Mark Breitbard, president and chief executive of Gap Global Brand, called these types of activations the “icing on the cake,” with the cake being several years of executing on business fundamentals, including closing underperforming stores and making the basics the brand is known for more desirable.
“These collaborations give us another reason to talk to our customer, or a new customer,” he told The Business of Fashion. “The collabs bring a new and unexpected and cool energy to our icons in the brand.”
Bigger Than a Brand
Many beauty labels aspire to define a trend, like Starface or Merit, or even a whole generation, like Neutrogena in the 1990s or Glossier in the 2010s.
Beauty labels that have toyed with fashion usually start with merchandise like baseball caps and sweatshirts. Summer Fridays co-founder Lauren Ireland said the brand wants to be taken more seriously than that, adding that its easy-yet-sophisticated aesthetic makes it a more natural fit to cross categories.
Co-founder Marianna Hewitt added that the addition of fashion was also likely inevitable, as both she and Ireland started as influencers in 2012 and 2014, respectively. Both regularly share their home and fashion recommendations; Hewitt was previously creative director at Revolve’s L’academie fashion line, a role she has recently wound down.

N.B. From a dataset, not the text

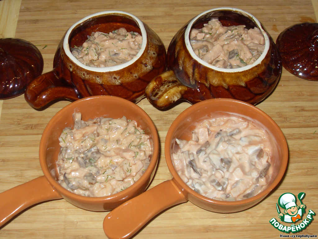 А вот муж и мама предпочли выложить жюльен на тарелочки и съесть с картофельным пюре (к которому я, вообще-то, пожарила котлет! Но, они остались на сковородке невостребованными!)

She sees herself as just as much a Gap fan as she is a Summer Fridays fan.

“The same things that we loved in our teens and our youth are the same kind of essentials we would go to Gap today for,” said Hewitt.

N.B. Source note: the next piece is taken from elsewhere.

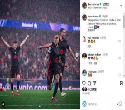 赛后费兰-托雷斯晒出庆祝的照片,配文:“多么精彩的比赛!历史性的一役!永远拼到最后!我们已经进入16强,巴萨球迷们!”

She believes the same is true of her shoppers.
“We think that a lot of Summer Fridays [customers] will want to see what we are doing, but we are also hoping to introduce new people to our products,” she said.
Recently, the seven-year-old brand, which was sold to TSG Consumer Partners last year, has swung back to its skincare roots, after its lip balms became cult favourites, with the launch of its Gentle Reset™ Daily Exfoliating Pads. The brand would not comment on revenue, but per Yipit data, Summer Fridays saw annual retail sales of $244 million as of September 2025. It recently began selling on Amazon and TikTok Shop.
An Entrée Into Beauty
Gap has signalled it has big beauty ambitions. In September, The Business of Beauty confirmed that John Demsey, previously of the Estée Lauder Companies, had been working with the company in a strategic consulting role; Nordstrom executive Deb Redmond was announced that same month as general manager of beauty.
“We see a lot of runway, but we’re really just pulling the team together,” said Breitbard. “When you look at the size and scale that we think Old Navy can drive, [it’s significant] and then we know there’s a big opportunity for Gap. Dream, Grass, Om, there is a lot of consumer demand for those fragrances.”
Breitbard confirmed fragrance will be Gap’s first attempt at beauty, while Old Navy will take a multi-category approach. A person familiar with the project said Gap’s beauty extension will mirror what Victoria’s Secret and Bath & Body Works started in the 1990s and have successfully continued.
Hewitt was coy about whether that future includes Summer Fridays.
“We’re focused on the first drop, but excited about the future,” she said.